Lets assume that we have $n$ represented in some binary form, i.e. in some base which is a power of two. Then computing $\operatorname{ord}_2$ can be performed by counting the trailing zero bits. This costs up to $\log_2 n$ operations (and even more because to count the zero-bits, you need a variable which might require up to $\log_2\log_2 n$ bits, thus costs $\log_2 n\cdot \log_2 \log_2 n$.
To determine the order of 5 assume using trial division which can be done fast as 5 is small, but requires to look at all digits of $n$. The result is a number of order $n/5$, then $n/5^2$ etc. Hence if $n$ is of order $10^k$, the costs are for $k$ digits, then $k-\log_{10}5$ digits, then $k-2\log_{10}5$ etc, which is of order $k^2$, thus costs order of $\log_{10}^2(n)$.
Case 2: $\gcd(n,10) = 1$
For the periodic case, you have to find the smallest natural number $m$ such that $n\mid 10^m-1$. Then $m$ is the period.
For example, $7\mid 999999$ such that $m=6$ for $1/7$ because no smaller $m$ does. And in fact, $1/7=0.\bar142857$.
No idea how to compute that efficiently. The condition means that $10^m=1\bmod n$. You would factor $n$ into its prime decomposition to determine Euler's totient $\varphi(n)$, because you know that
$$ 10^{\varphi(n)} =1 \bmod n $$ Then divide out prime factors of $\varphi(n)$ from the exponent to find a minimal $m\mid \varphi(n)$ such that $10^m=1\bmod n$.

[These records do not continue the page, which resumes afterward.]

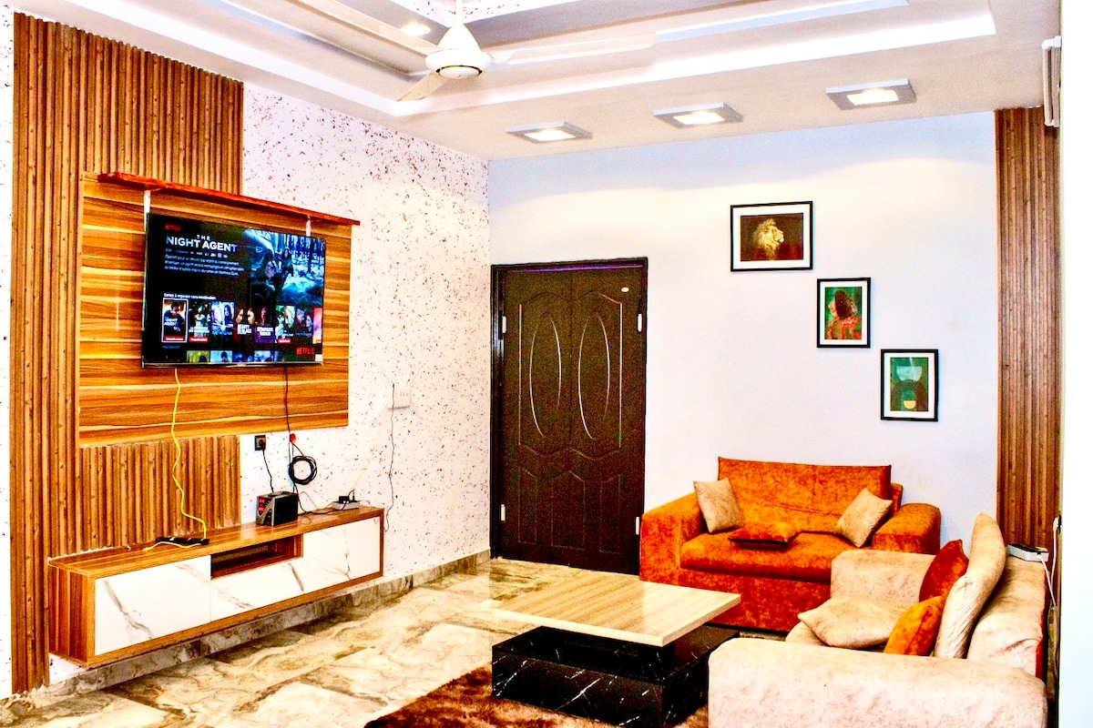 À moins de 10 min de l’aéroport, du centre-ville et à proximité de plusieurs commodités, la résidence est située sur une rue bitumée, éclairée au cœur d’un quartier résidentiel. Résidence moderne, très propre, cadre de vie haut de gamme, comprenant 2 salons spacieux et lumineux, 2 grandes chambres, 2 salles de toilettes, une cuisine avec garde-manger, buanderie et toilette externe. Pour vos cérémonies, vacances ou voyages d’affaires, profitez d’un jardin paysager, cours pavée, grande terrasse
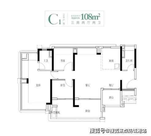 108㎡四房两厅两卫:四开间朝南,6米大阳台+主卧三面采光,可灵活改造为四房;
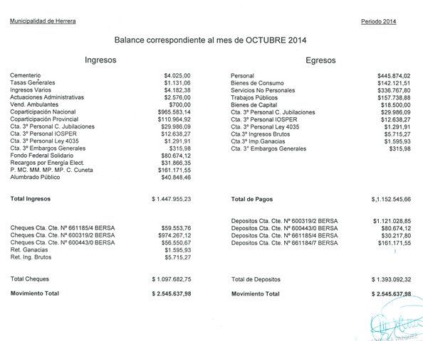 Balance Octubre 2014
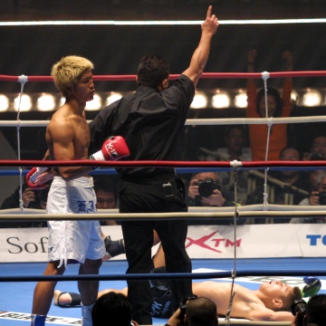 ◆谷川貞治FEG代表「城戸選手は身体能力が高く小比類巻選手の再来のようなタイプ。優勝はおめでとうといいたいけど、決勝以外の戦い方には課題が残りましたね。やっぱり一日3試合はキツいですね。HAYATO選手も最後はフラフラでしたし。今日の(MAXの)MVPは前田宏行選手。開幕戦の日本人は魔裟斗、佐藤、城戸の3人で、他はエントリーしません」
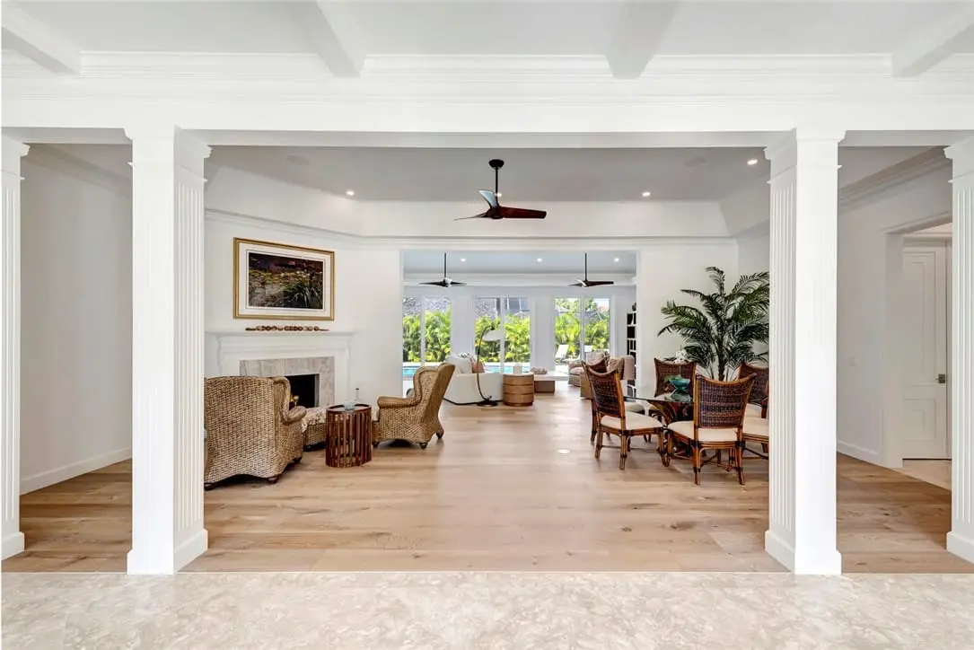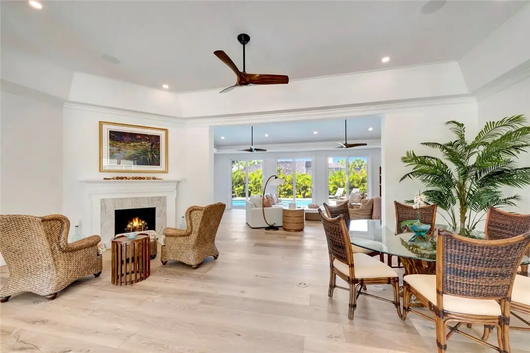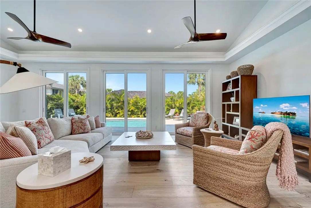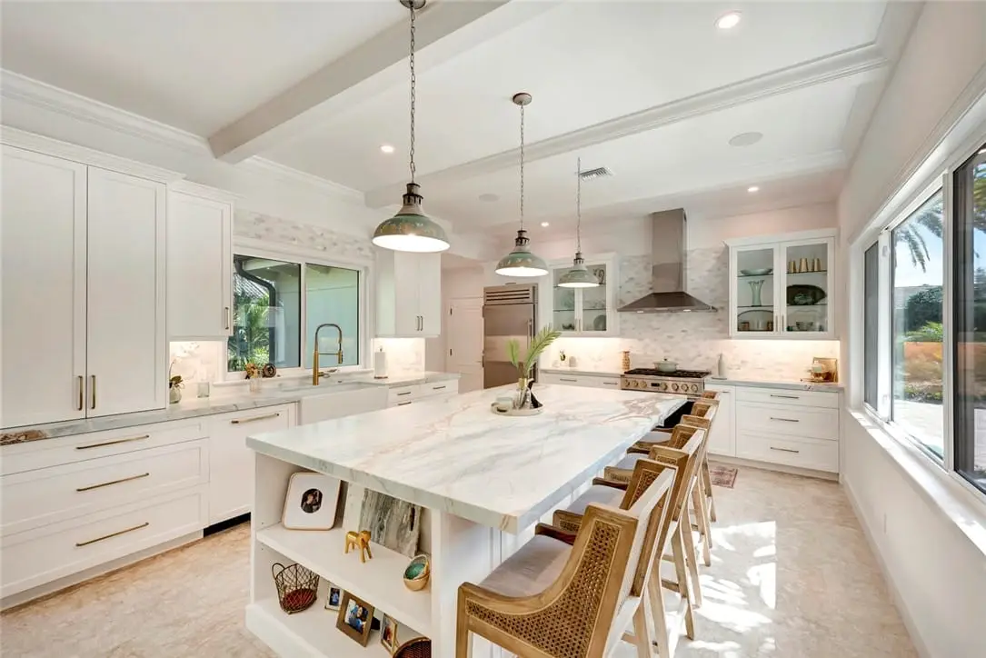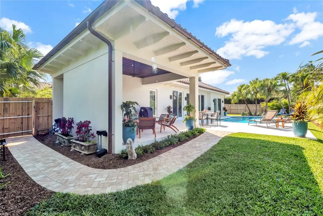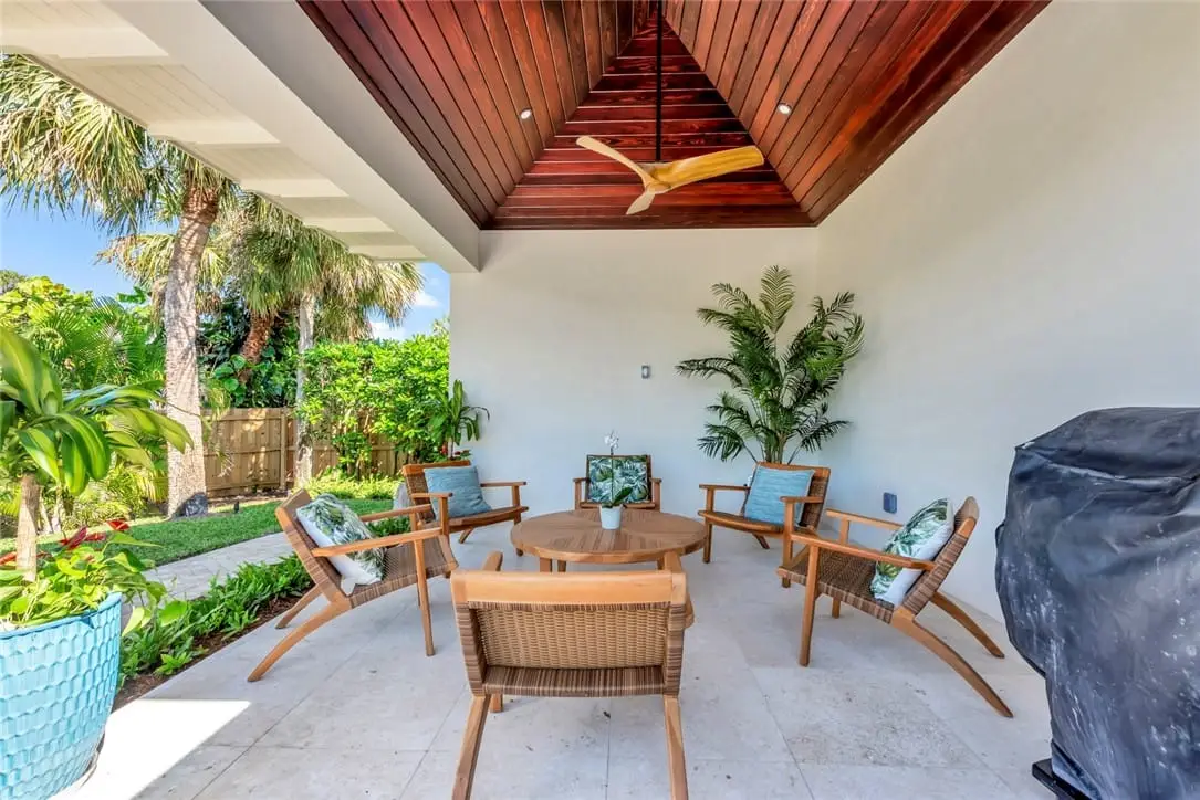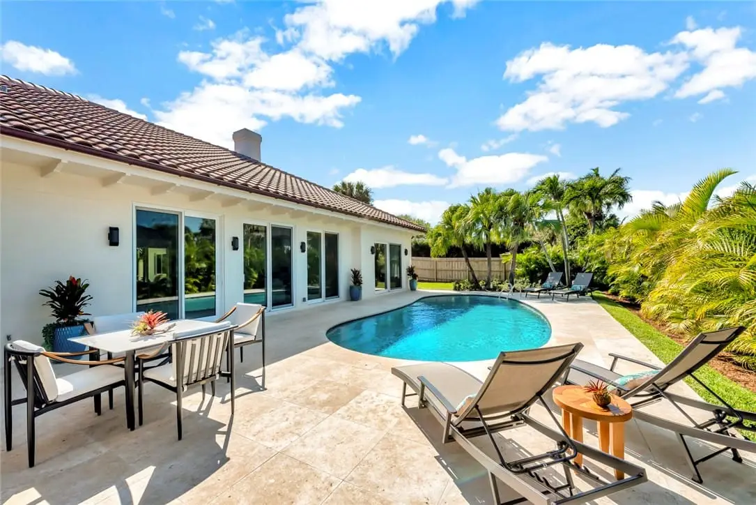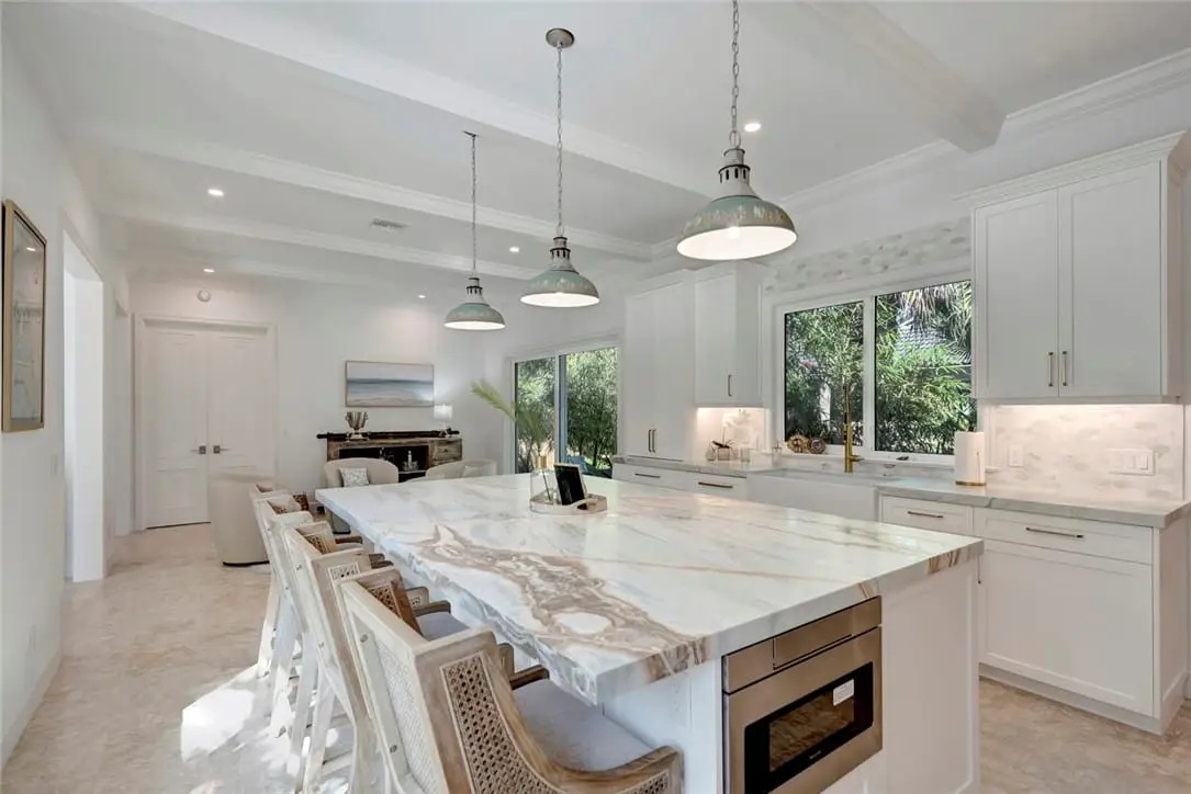 Stunning beachside retreat completely remodeled in 2024. This exquisite home offers modern luxury & coastal charm. Selling fully furnished the home boasts a new tile roof, impact glass & an all-new island kitchen w/Quartzite counters, custom cabinetry & top-tier appliances. Enjoy Spacious living & family rooms, fireplace, stone & engineered wood floors. 3 new full baths plus a powder rm. Outdoor living is redefined with a beautifully renovated saltwater pool, a new covered lanai, lush landscaping & irrigation. Located in a gated community w/private beach access. Sizes approx./subj. to error.
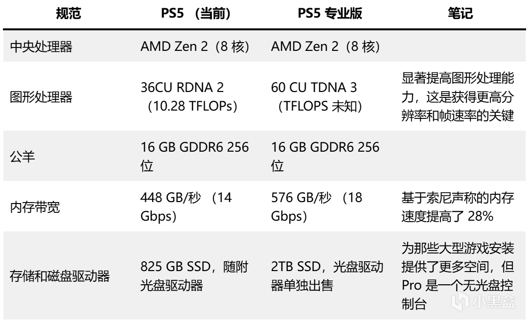 PS5 Pro 虽然没有得到索尼的 100% 确认,但很可能使用了 RDNA 3 图形处理!据现有资料,PS5 Pro 的 GPU 在计算单元数量上有显著提升,增幅达到了 67%,同时内存带宽也提升了 28%。基于原始 RDNA 2 架构的处理器,其拥有 2,304 个流处理器,36 个计算单元(CUs),以及 448GB/s 的内存带宽。依据此基础进行推算,PS5 Pro 的新配置可能接近于 3,840 个流处理器,60 个计算单元,以及 570GB/s 的内存带宽。
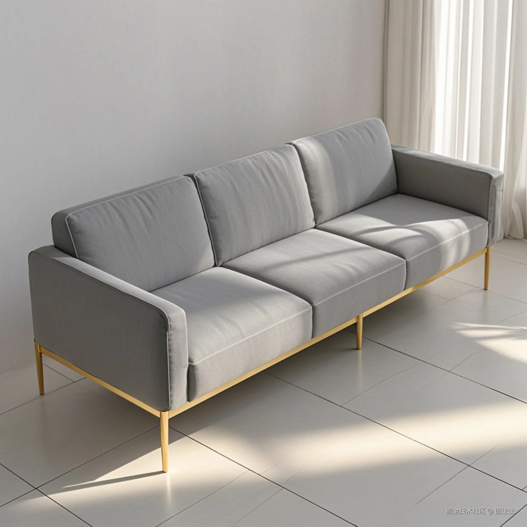 ◇裂变图1:延续深灰色科技布与三人位直排版型,将深灰色主体改成浅灰色,风格偏向意式极简风,适配意式家装场景。
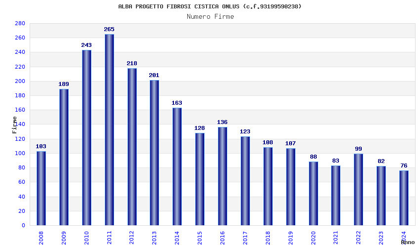 | Anno | Firme | Importi | Media | Naz. | Reg. | Prov. | Comu. |
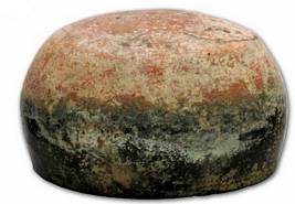 | Description / विवरण | Black and red ware deep bowl with round base and incurved featureless rim, graffiti mark i.e. inverted Brahmi letter ma and u . |
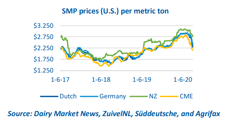 Nothing in recent history has hit the international dairy supply chain so forcefully and quickly as the COVID19 pandemic. The public health crisis, which engulfed the global dairy industry just when the long awaited milk price recovery was starting to take hold, has disrupted supply chains, temporarily putting demand and prices into a free fall. Between Jan. 31 and March 31, Dutch and German SMP prices lost more than 20% of their value and butter prices dropped 10%. Over the same period, U.S. Cheddar blocks, butter, and nonfat dry milk prices declined 30%.
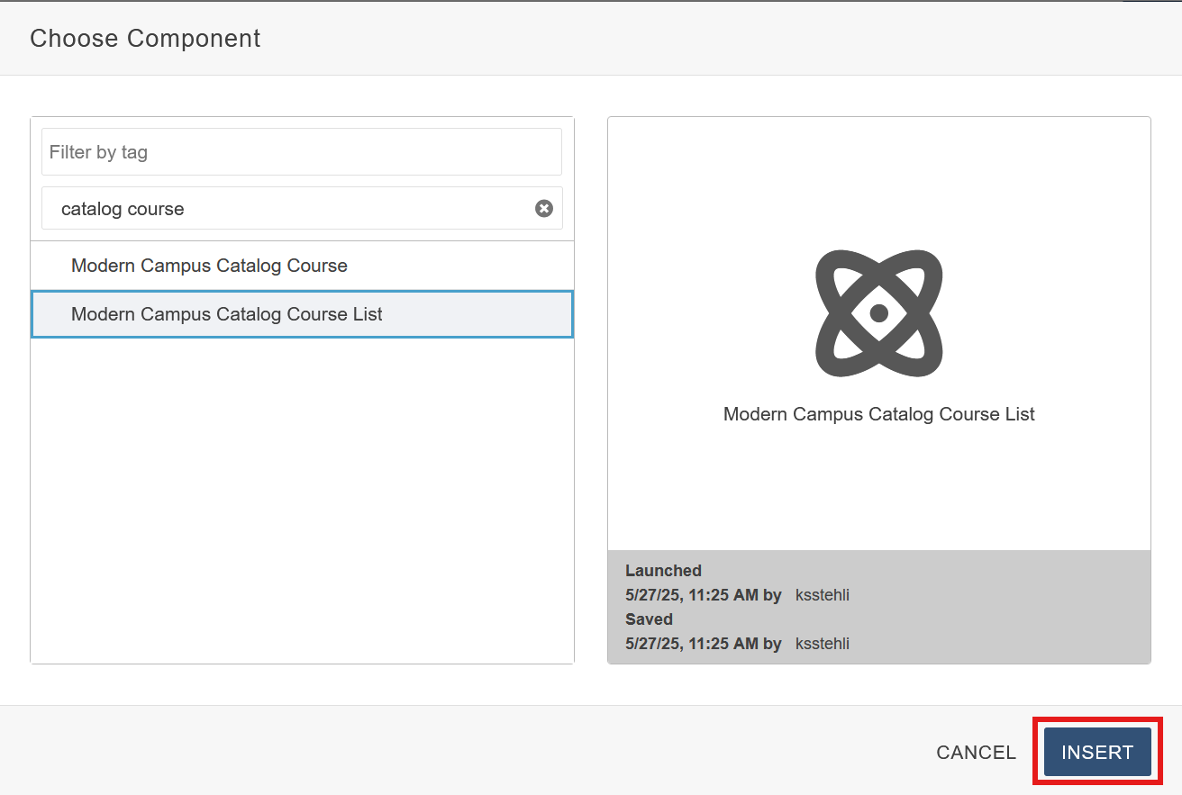 Insert Component: Once you have selected your Component, click the blue Insert button to drop it in.
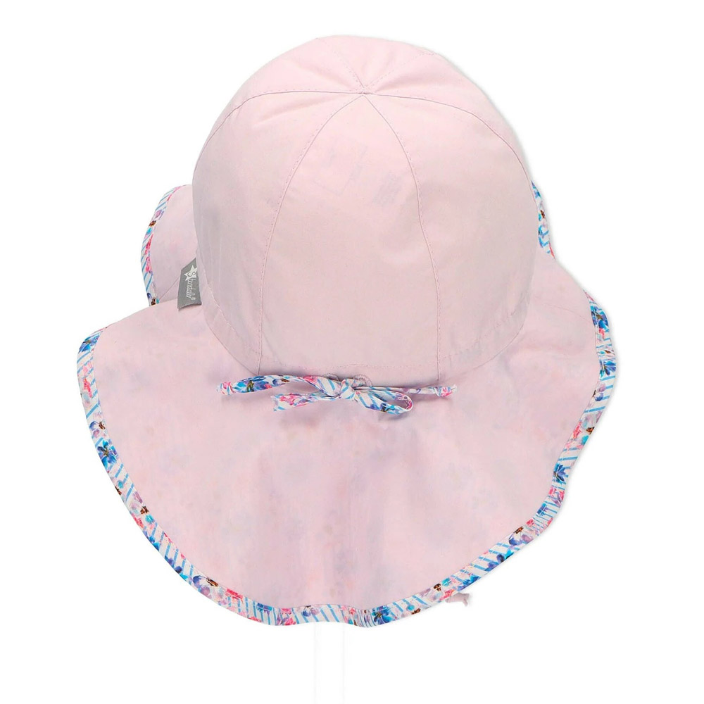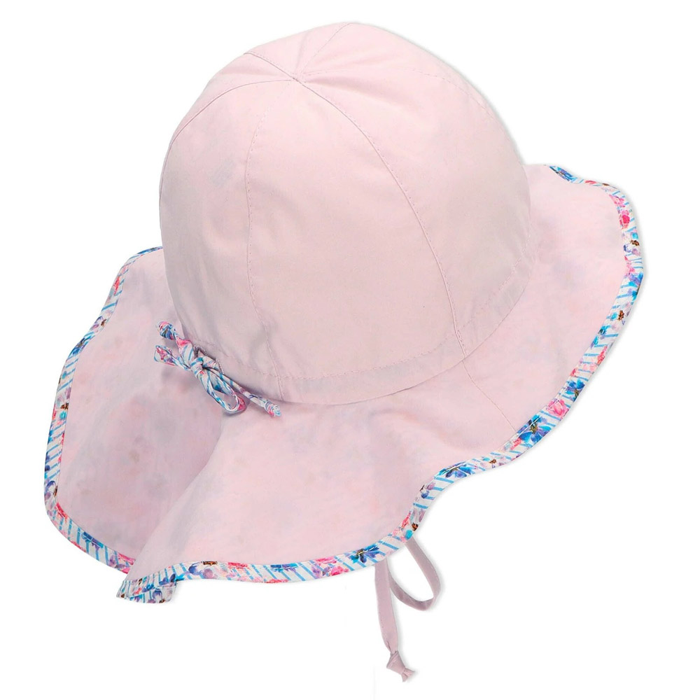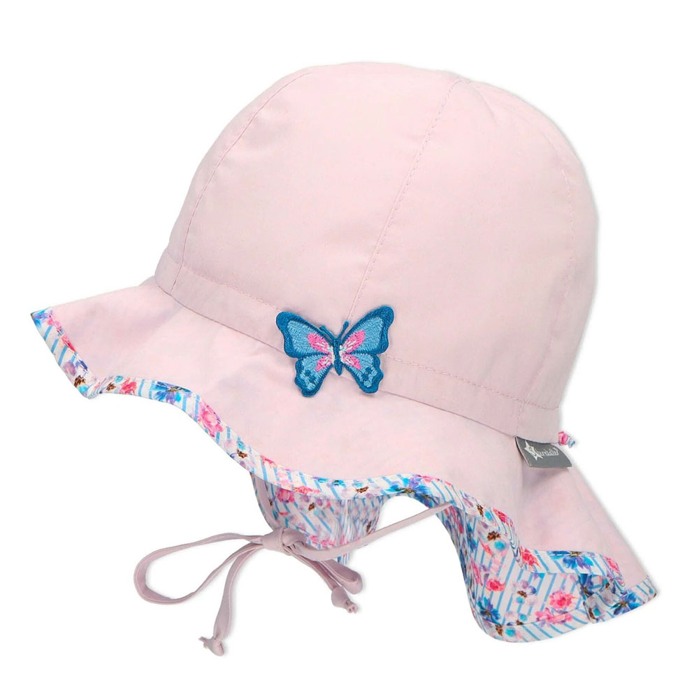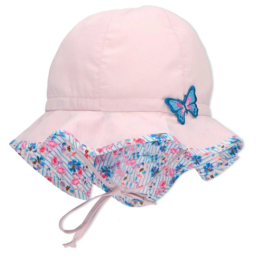 Καπέλο καλοκαιρινό βαμβακερό, κοριτσίστικο με μπαντάνα και αντηλιακή προστασία σε λιλά χρώμα από την Sterntaler. Το μέγεθος του ρυθμίζεται με κορδόνι στο πίσω μέρος.

This costs at least a factorization of $n$ (and one of $\varphi(n)$ which has same costs). So this is going to be expensive when you want to determine the period of $1/n$ for a number with, say, 100 digits.
Case 3: General Case
Left to you, but presumably it won't be cheaper than case 2... Thus at least sub-exponential due to factorization of $n$.
Example: $n=357$
$n=357$ is case 2 and factors as $n=3\cdot7\cdot17$, hence
$$ \varphi(n) = 2\cdot6\cdot16 = 192 = 2^6\cdot3 $$ and thus the period divides 192. According to Fermat's little theorem, $10^{192} = 1 \bmod 357$.
Now $10^{\varphi/3}=256\bmod357$, therefore we must keep factor 3 and the period has a prime factor of 3. Then compute the power to which 2 may be divided out of $\varphi$:
$10^{\varphi/2^1}=1\bmod 357$
$10^{\varphi/2^2}=1\bmod 357$
$10^{\varphi/2^3}=169 \bmod 357$
Thus
The maximal power of 2 that can be divided out of $\varphi$ is $2^2$.
The maximal power of 3 that can be divided out of $\varphi$ is $3^0$.
Hence, the period of $1/357$ is $\varphi/(2^2\cdot3^0) = 192/2^2 = 48$.